Neuvième film pour Bruno Dumont et deuxième comédie dans sa filmographie, Ma Loute a très vite fendu la Compétition officielle à Cannes comme un vaisseau amiral, regardant de très haut le cabotage de la concurrence. Sous ses dehors de farce bouffonne, le film s’impose en effet par une ambition peu commune dans le cinéma français, reprenant la métaphysique ahurie et désarticulée de P’tit Quinquin pour l’élever à des hauteurs formelles dont on ne trouve quasiment aucun équivalent aujourd’hui. Le film s’inscrit de nouveau dans le cadre d’une enquête policière, située cette fois-ci au début du XXème siècle. Un inspecteur vient traîner son énorme silhouette sur les lieux de disparitions inexpliquées, inquiétant une famille de grands bourgeois en villégiature, mais laissant de marbre L’Eternel, surnom donné au patriarche d’un clan de prolétaires. Si l’on retrouve ici beaucoup de la formule précédemment élaborée dans le laboratoire télévisuel (son grotesque horrifique, sa mixture de prosaïsme échevelé et de mysticisme horizontal), le cinéaste ne craint pas d’y injecter de nouveaux éléments avec l’allégresse d’un savant fou.
Eléments pour partie prévisibles, comme sa lecture grinçante et outrée des rapports de classe, mais surgissant aussi de manière inattendue comme ce trouble androgyne amené par un des personnages qui ne sait s’il est un garçon travesti en fille ou une fille déguisé en garçon. Décidé à définitivement faire péter les coutures de son cinéma, Dumont ne donne cependant jamais le sentiment d’avoir tenté d’un peu trop près le diable et d’être débordé par ses envies de baguenaudage. C’est que le cinéaste est désormais à un tel niveau d’assurance formelle que même les paysages étirés de la côte d’Opale semblent rétractés comme de sublimes fonds peints dans un immense décor de studio. Pour Dumont, sortir dehors, c’est aussi bien rentrer dans son atelier où l’artiste trace de nouvelles lignes sur le fond de son retable mystique (une trinité de ciel, de mer et de terre), mais des lignes qui seraient aussi claires que celles d’une bande-dessinée belge. Il y a désormais un peu de Hergé, de Castafiore et de Dupont dans ces tableaux flamands, de la malice et de la joie qui en venant colorer la gravité de son cinéma lui offrent une secrète tonalité mélancolique.

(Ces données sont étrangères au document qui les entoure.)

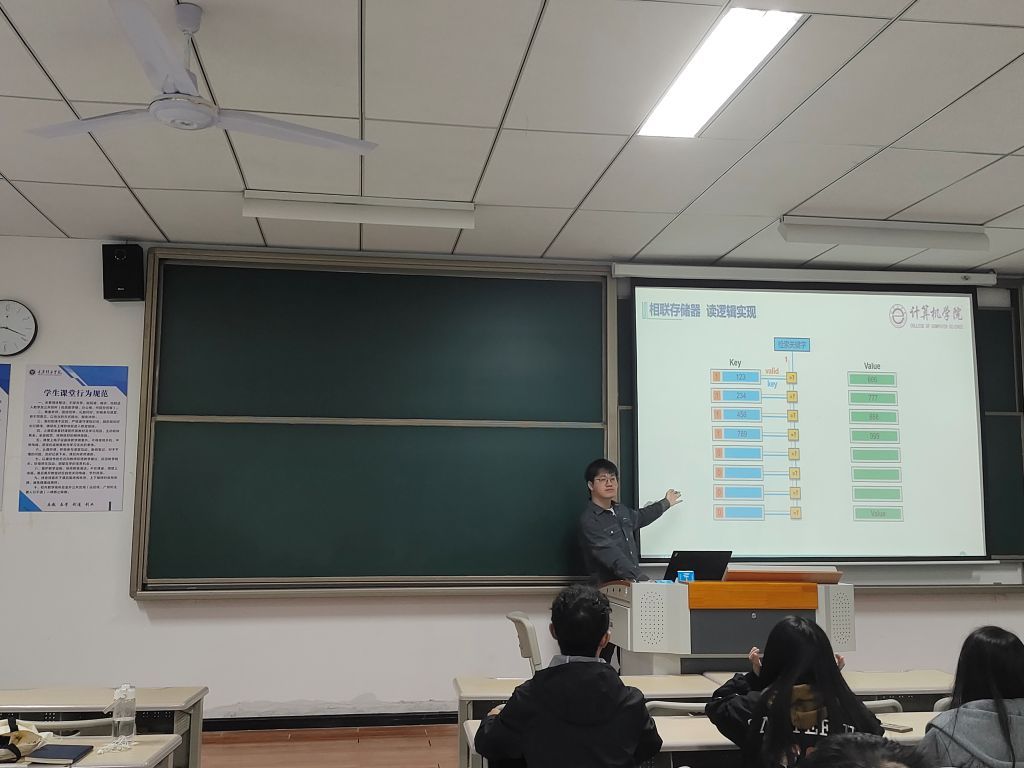 吴镜汝老师主讲《操作系统》课程,围绕进程的状态及其组成控制、线程展开讲解,详细介绍了进程的就绪、运行、阻塞三种基本状态及转换条件,进程控制块的组成要素,同时对比分析了进程与线程的区别与联系,教学内容条理分明,重难点突出。何松伟老师讲授《计算机组成原理》中的存储系统,重点剖析了数据查找(如何判断数据在cache中)、地址映射(主存数据如何放置到cache行中)、替换策略(cache满后如何处理)、写入策略(如何保证cache与memory的一致性)四部分内容,对知识点的讲解深入浅出,逻辑性强。

Reste que la parfaite maitrise de ce melting-pot formel tient avant tout à la netteté de ce qui le fonde. La farce bouffonne dans laquelle Dumont entraîne ses comédiens professionnels, jusqu’à les travestir en de perpétuelles grimaces plantées sur des corps démantibulés, est aussi bien une idée de burlesque cinématographique qu’une vision du monde. Vision dont la malice tient, entre autres choses, à révéler par l’outrance ce que c’est que d’être aujourd’hui un professionnel de la comédie : un être grimaçant en toute occasion, phraseur begayant pour Luchini ou diva larmoyante pour Binoche. Des êtres dont la nature serait le jeu comme, symétriquement chez ses acteurs amateurs, le jeu serait la nature, aboutissant ainsi à une égalité des termes qui homogénéise ce casting hétéroclite. Et c’est peut-être ici que se révèle la nouveauté fondamentale du cinéma de Dumont : un art de la dialectique où les oppositions terme à terme se résorbent dans un tiers sacrificiel. Opposition entre le prolétariat vivant sur la plaine et la famille bourgeoise s’égayant dans une vaste demeure perchée en hauteur. Opposition entre les visages fermés des uns et le figures histrioniques des autres. Mais opposition, surtout, entre ceux-là dont le corps semble incessamment trébucher, bégayer, rouler par terre jusqu’à provoquer autant de situations burlesques hilarantes et ces autres qui semblent arrimer sur le sol au point de se confondre avec la matière minérale. Entre les boiteux dont la mythologie a fait son miel (la lignée d’Œdipe et ses troubles d’origine sexuel, tiens, tiens) et les divinités chtoniennes ancrées dans la terre, violentes et anthropophages. Opposition qui ne trouve à se résoudre que sous les traits d’un être androgyne, figure unissant aussi bien les polarités sexuelles que symboliques, trait d’union entre ciel et terre, où pourrait un instant, mais un instant seulement, se dissoudre la sauvagerie des uns et la décadence des autres, la nature entêtée de la chair et la mécanique chaotique de l’esprit.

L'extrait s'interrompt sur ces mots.